Tuesday, November 27, 2012

Books Are Dusty and Muddy Things

To put it nicely.

See, as you may know, I work at the local library here as an assistant to the teen librarian. Today I was working on picking out books for next month's book display. I'm doing books with red and/or green covers to kind of go with the Christmas season coming up. It seemed like it'd be super easy. I could just pick out a few books from the teen section that sounded interesting and had covers with red or green on them.
Well it wasn't that simple. I'd grab a book that looked interesting and look up some reviews on it, only to discover it was full of rather disgusting content. Since that wasn't going so well, I compiled a list of all the books in the teen section with red or green covers (that took a while, there were many more than I'd expected) then proceeded to go down the list looking up reviews. Book after book I discovered to have horrible content. This was the TEEN section. My younger brother is supposed to be old enough for this stuff, and I, four years older than him, was horrified just reading reviews of these books.
Look, this blog is directed mainly at 15-18 year olds, though I try to keep it rated PG for any younger friends or siblings of friends or just plain any younger kids who read some of it. I don't even feel I could uphold my obligation to appropriateness for my audience if I even alluded to what these books graphically describe. Wow.

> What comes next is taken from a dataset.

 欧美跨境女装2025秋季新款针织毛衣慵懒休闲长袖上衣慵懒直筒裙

And guess what, only a year or so ago, the library didn't allow anyone under 18 to check out any movies that weren't rated G, seventeen year-olds couldn't get Tangled, but 12 year old kid could check out a book that makes me want to throw up just reading reviews of on the Common Sense Media site. Why is it that books are so different?

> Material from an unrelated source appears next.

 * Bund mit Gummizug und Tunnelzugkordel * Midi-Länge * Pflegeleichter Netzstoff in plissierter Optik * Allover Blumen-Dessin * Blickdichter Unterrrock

I think parents often think that if a kid is reading a book, any book, its a good thing. Because it's educational and all that. It isn't so quick and easy to read a book first before giving it to their kids, so they don't. Sure, they could search through reviews, but it's a lot easier to pre-watch a movie. So they don't check as much as they should. And maybe it doesn't occur to them. Books don't come with ratings like movies and video games do. I think they probably should. That would hurt the YA book industry though.
See, that kind of trashy book sells, doesn't it? Sad to say, but it does. And the YA book industry knows that. It's not some crazy accident that there's all these horrible things in books written for teens. It's not even a decision that the author made by themselves. Books go through agents, then are read and marked up all over by and editor. Then the author gets it back and makes changes. Then the editor reads through again and makes some more suggestions, then the author, then the editor, then the author... It might even be a number of different editors. They know this is going to be marketed to teens, and I bet they know it's wrong too.

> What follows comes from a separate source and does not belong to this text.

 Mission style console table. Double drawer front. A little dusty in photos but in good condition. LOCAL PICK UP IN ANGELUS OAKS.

Sure, make the excuses. They're just writing realistically. They're writing what the world is really like and what teens really do today. WELL GUESS WHAT GUYS??!! Where do these teens get their ideas to do these things? From your flippin dirty novels!
And that stuff is totally unnecessary. Unless you're writing a historical fiction novel about the holocaust. And even then you don't have to swim in the details. And if you're going to do that, you have every right to, but market it to adults, please.
You can write a romance novel without getting super physical, and you can write a great adventure without dumping blood and gore on us. Tanith Lee for example. She's a adult horror novelist. And that's fine. But when she wrote the Claidi Journals for young adults (one of my favorite series ever, I might add, I can't get over how amazing the books are), there was no extreme violence, the worst language was a few occurances of D*** and the physical romance reached its height at.. like five extremely brief kisses over four books.  Let me repeat that. She's a adult horror novelist.
Write horrible graphic stuff to your heart's content if you want but please, market it to adults!
 I hate how I can't just pick whatever sounds interesting from teen sections in libraries and book stores. I hate being afraid to read because of unnecessary bad content in books. I love reading, but I read a lot less because of that.
I think I'll be praying for the YA book publishing industry. Join me?